Assigned task: Through to the final line, write out the records below exactly, omitting any images they contain.
■ ■ ■ ■ ■
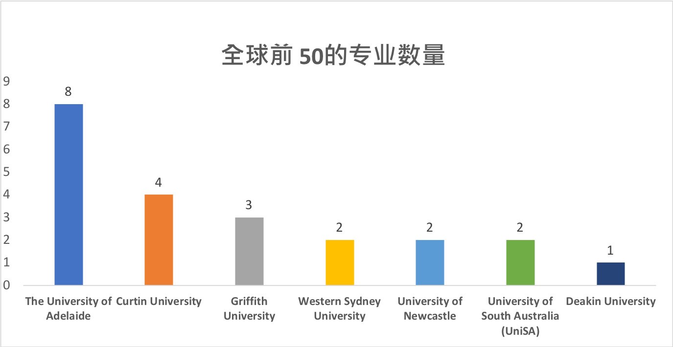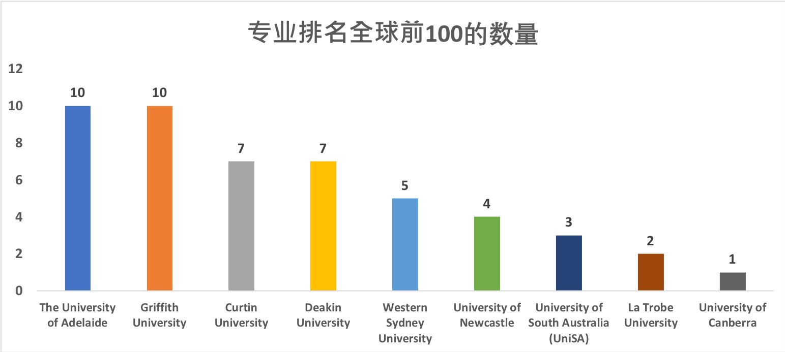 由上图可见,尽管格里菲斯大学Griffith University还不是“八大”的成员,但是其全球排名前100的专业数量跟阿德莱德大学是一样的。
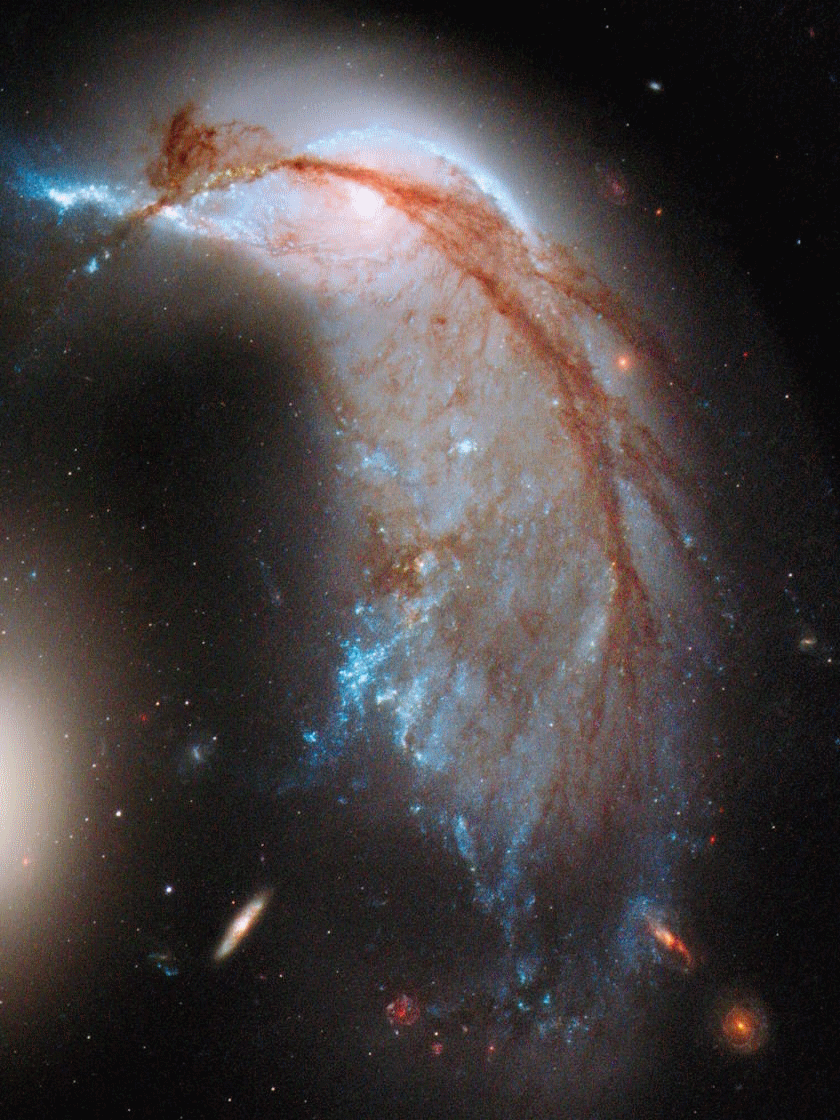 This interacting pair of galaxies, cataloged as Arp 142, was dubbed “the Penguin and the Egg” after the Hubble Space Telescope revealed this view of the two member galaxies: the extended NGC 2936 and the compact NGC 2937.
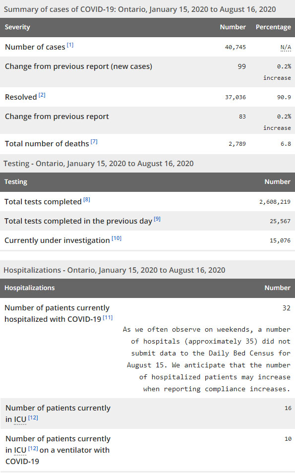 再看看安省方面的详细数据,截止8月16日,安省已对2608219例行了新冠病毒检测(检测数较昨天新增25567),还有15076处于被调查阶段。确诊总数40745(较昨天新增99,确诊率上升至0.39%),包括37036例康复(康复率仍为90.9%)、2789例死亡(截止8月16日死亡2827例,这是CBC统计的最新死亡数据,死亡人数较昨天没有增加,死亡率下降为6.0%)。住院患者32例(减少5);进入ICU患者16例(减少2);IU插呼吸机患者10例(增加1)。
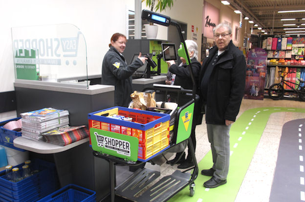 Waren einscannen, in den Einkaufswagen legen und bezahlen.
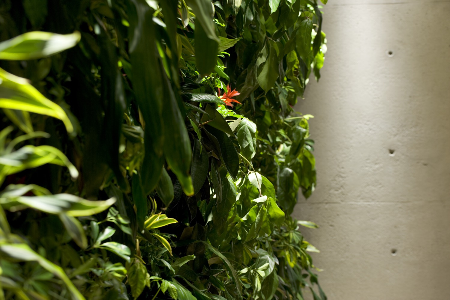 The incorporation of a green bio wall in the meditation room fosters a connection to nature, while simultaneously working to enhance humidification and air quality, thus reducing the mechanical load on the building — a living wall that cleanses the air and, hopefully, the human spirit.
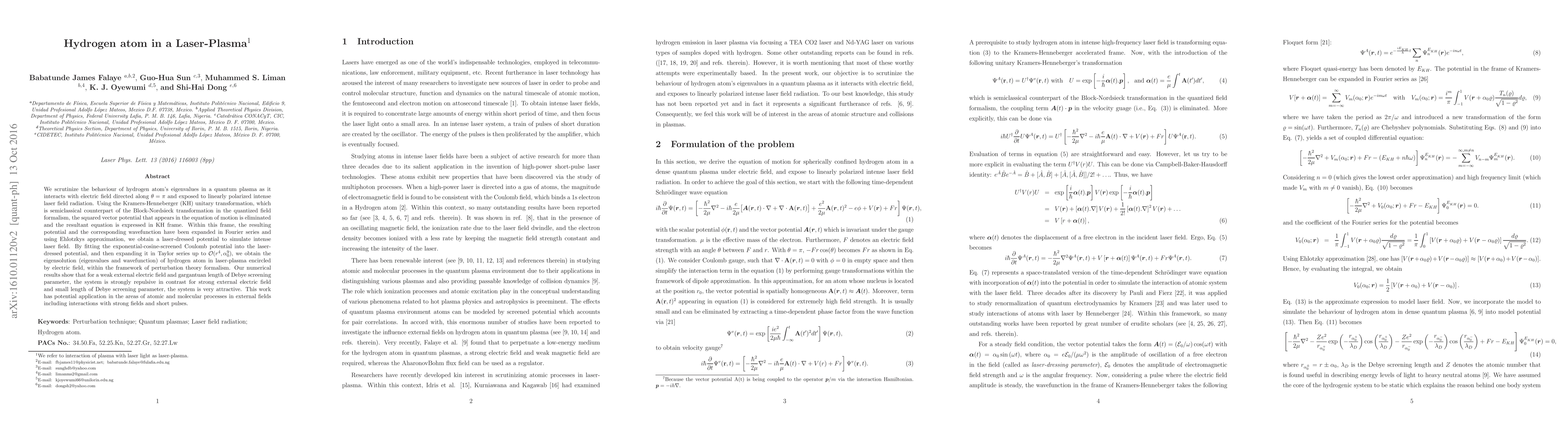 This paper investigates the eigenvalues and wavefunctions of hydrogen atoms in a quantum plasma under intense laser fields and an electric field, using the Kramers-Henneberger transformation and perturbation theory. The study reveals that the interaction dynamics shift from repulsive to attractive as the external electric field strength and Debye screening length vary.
■ ■ ■ ■ ■
Exercise solution:
 由上图可见,尽管格里菲斯大学Griffith University还不是“八大”的成员,但是其全球排名前100的专业数量跟阿德莱德大学是一样的。
 This interacting pair of galaxies, cataloged as Arp 142, was dubbed “the Penguin and the Egg” after the Hubble Space Telescope revealed this view of the two member galaxies: the extended NGC 2936 and the compact NGC 2937.
 再看看安省方面的详细数据,截止8月16日,安省已对2608219例行了新冠病毒检测(检测数较昨天新增25567),还有15076处于被调查阶段。确诊总数40745(较昨天新增99,确诊率上升至0.39%),包括37036例康复(康复率仍为90.9%)、2789例死亡(截止8月16日死亡2827例,这是CBC统计的最新死亡数据,死亡人数较昨天没有增加,死亡率下降为6.0%)。住院患者32例(减少5);进入ICU患者16例(减少2);IU插呼吸机患者10例(增加1)。
 Waren einscannen, in den Einkaufswagen legen und bezahlen.
 The incorporation of a green bio wall in the meditation room fosters a connection to nature, while simultaneously working to enhance humidification and air quality, thus reducing the mechanical load on the building — a living wall that cleanses the air and, hopefully, the human spirit.
 This paper investigates the eigenvalues and wavefunctions of hydrogen atoms in a quantum plasma under intense laser fields and an electric field, using the Kramers-Henneberger transformation and perturbation theory. The study reveals that the interaction dynamics shift from repulsive to attractive as the external electric field strength and Debye screening length vary.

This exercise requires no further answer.